## Task objective
Transcription, pictures excluded: write out the data below exactly.

## Recorded data
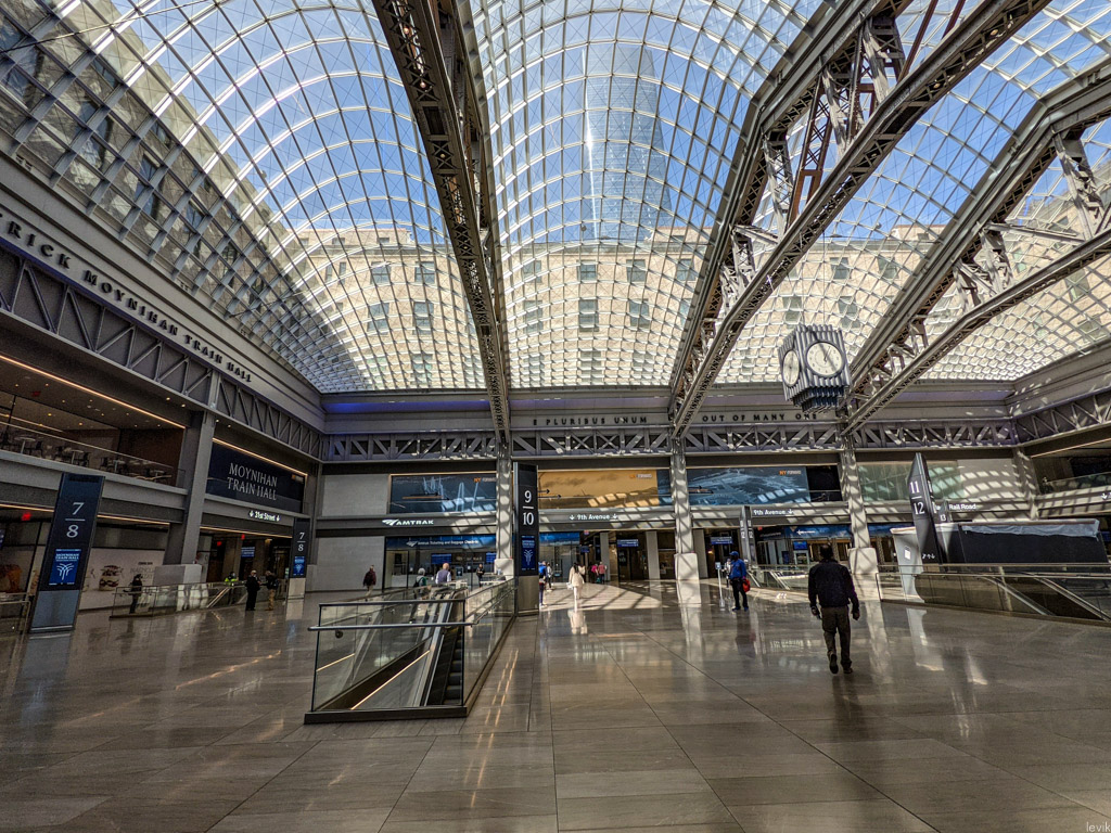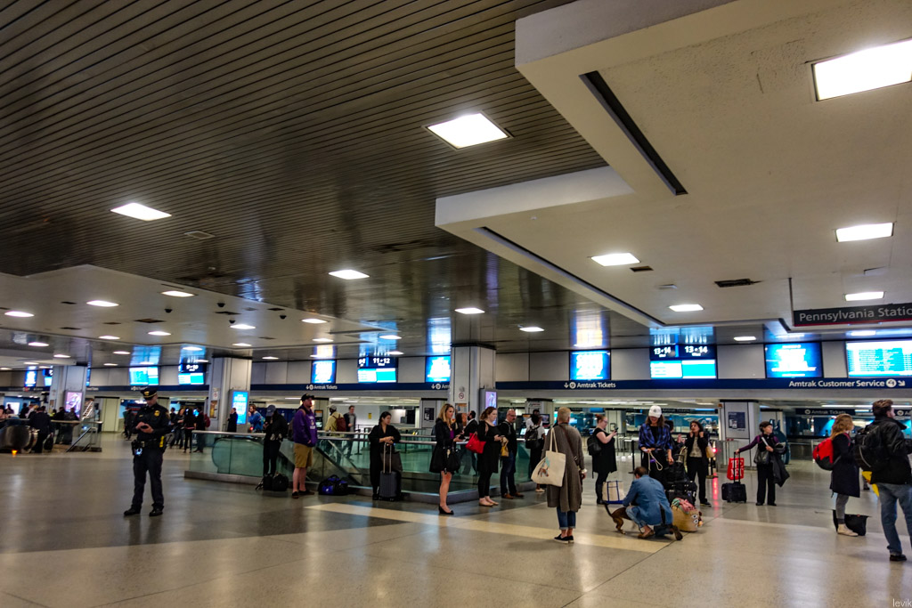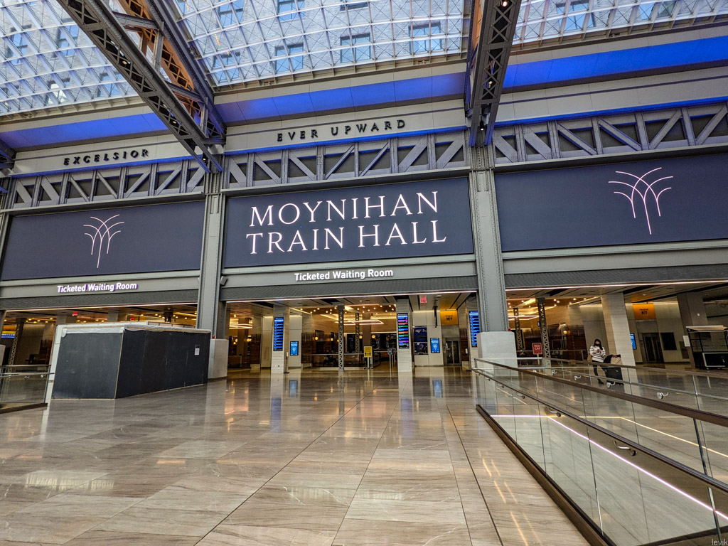 17. Его назвали в честь сенатора от штата Нью Йорк, Дэниэла Патрика Мойнихэна: Moynihan Train Hall. То есть это не вокзал и не станция, а зал для поездов.
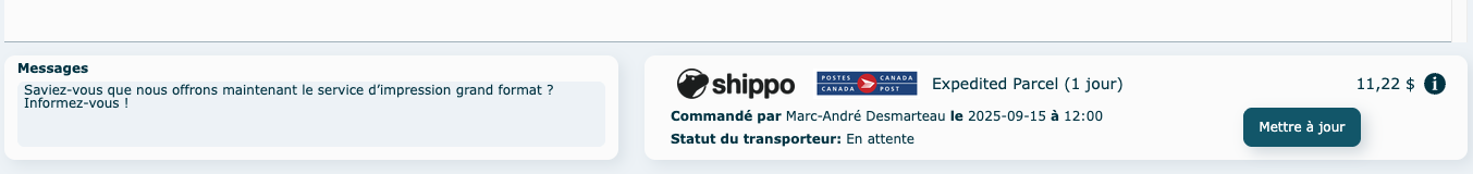 Bien qu'une cédule sera en place pour mettre à jour régulièrement le statut de la commande tant qu'elle n'est pas complétée, vous pourrez actualiser manuellement le statut venant du transporteur, en appuyant sur Mettre à jour.
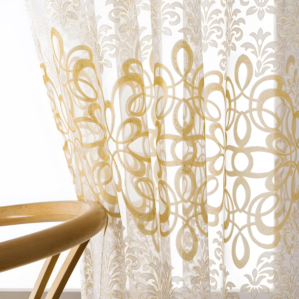 СохранитьТюль с рисунком виньетки цветная коричневая 300х250 см, вуаль белая для зала, спальни, кухни, длинная органза, занавески интересное:

## Solved problem
 17. Его назвали в честь сенатора от штата Нью Йорк, Дэниэла Патрика Мойнихэна: Moynihan Train Hall. То есть это не вокзал и не станция, а зал для поездов.
 Bien qu'une cédule sera en place pour mettre à jour régulièrement le statut de la commande tant qu'elle n'est pas complétée, vous pourrez actualiser manuellement le statut venant du transporteur, en appuyant sur Mettre à jour.
 СохранитьТюль с рисунком виньетки цветная коричневая 300х250 см, вуаль белая для зала, спальни, кухни, длинная органза, занавески интересное:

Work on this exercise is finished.